You mean you never recovered the murder weapon? This jury is supposed to convict my client without a murder weapon? What do you mean, it could be anywhere? Are you trying to tell us that after committing an act of murder, the defendant might have actually run away? And taken the gun with him? And then hidden it? Or thrown it from the Curtis Bay bridge?

On
Columbo
, the gun is always in the liquor cabinet behind the vermouth. But you didn’t check behind the defendant’s vermouth, did you, detective? No, you don’t have the murder weapon. Your honor, I move that we unshackle this poor innocent waif and send him back to his loving family.

In the minds of Baltimore’s prosecutors and detectives, at least, television has utterly shattered the notion of a thinking jury, strangled it with plot lines in which all ambiguity is obliterated and all questions answered. As a result, those charged with punishing the act of murder in Baltimore no longer believe in all that Norman Rockwell business about twelve angry men in shirtsleeves, arguing in sticky heat over the essential evidence. In the real world, it’s more like a dozen brain-deads telling each other that the defendant seems like a nice, quiet young man, then laughing at the prosecutor’s choice of tie. Defense attorneys are quick to call such thinking sour grapes, but in truth, the faithlessness that veteran prosecutors and detectives feel for the jury system goes deeper than that. The argument isn’t that the government should win every murder trial; the system isn’t built that way. But does anyone really believe that 45 percent of the homicide defendants brought to a court trial—the last stretch of the legal system’s long, thinning bottleneck—are in fact innocent?

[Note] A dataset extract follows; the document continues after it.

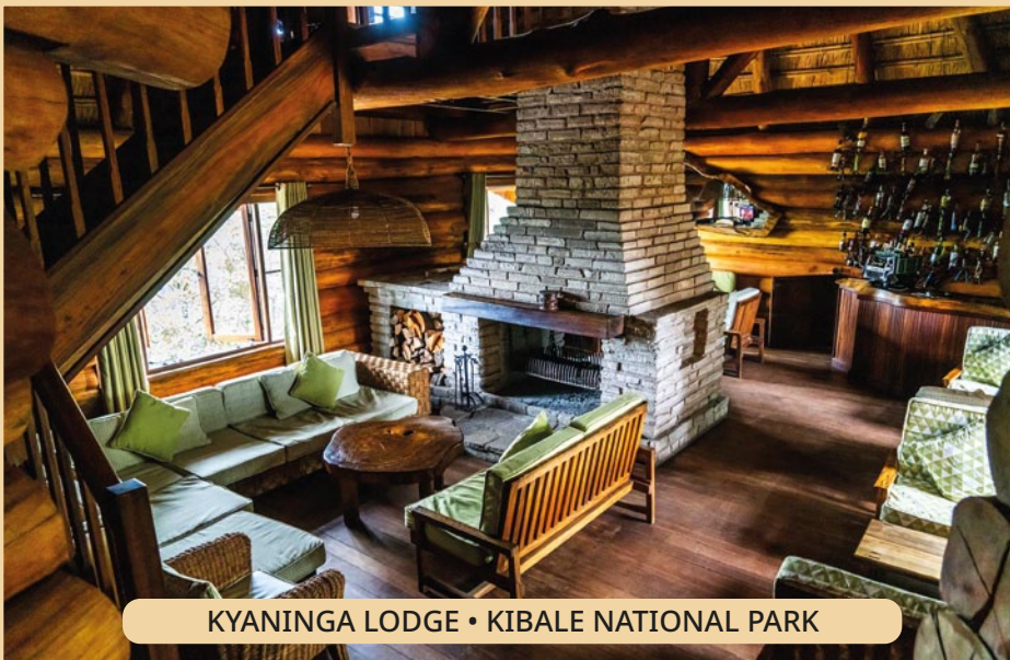
KYANINGA LODGE • KIBALE NATIONAL PARK

As a consequence, city juries have become a deterrent of sorts to prosecutors, who are willing to accept weaker pleas or tolerate dismissals rather than waste the city’s time and money on cases involving defendants who are clearly guilty, but who have been charged on evidence that is anything less than overwhelming. Naturally, a competent defense attorney or public defender understands that in most cases, a jury trial is the last
thing a city prosecutor wants, and he uses this leverage when he bargains for his client.

For the detectives, the decision to plea or dismiss a case is the flashpoint in their ongoing love-hate relationship with the state’s attorney’s office. True, thinks a detective, these people are on our side. True, they’re working to put bad guys in prison at half the salary they might get at an outside firm. True, they’re looking for the same justice we are. But brotherly feelings are out the window when a young assistant state’s attorney, two years out of the University of Baltimore School of Law, gives up on a drug murder that took three weeks to develop. When that happens, the chip goes right back on the shoulder: I busted my ass to get reluctant witnesses into the grand jury, and what for? Just so this goof with pinstripes and a power tie could dump it on the stet docket? Hell, he didn’t even have balls enough to pick up a phone and call me, much less ask how the damn file might be salvaged.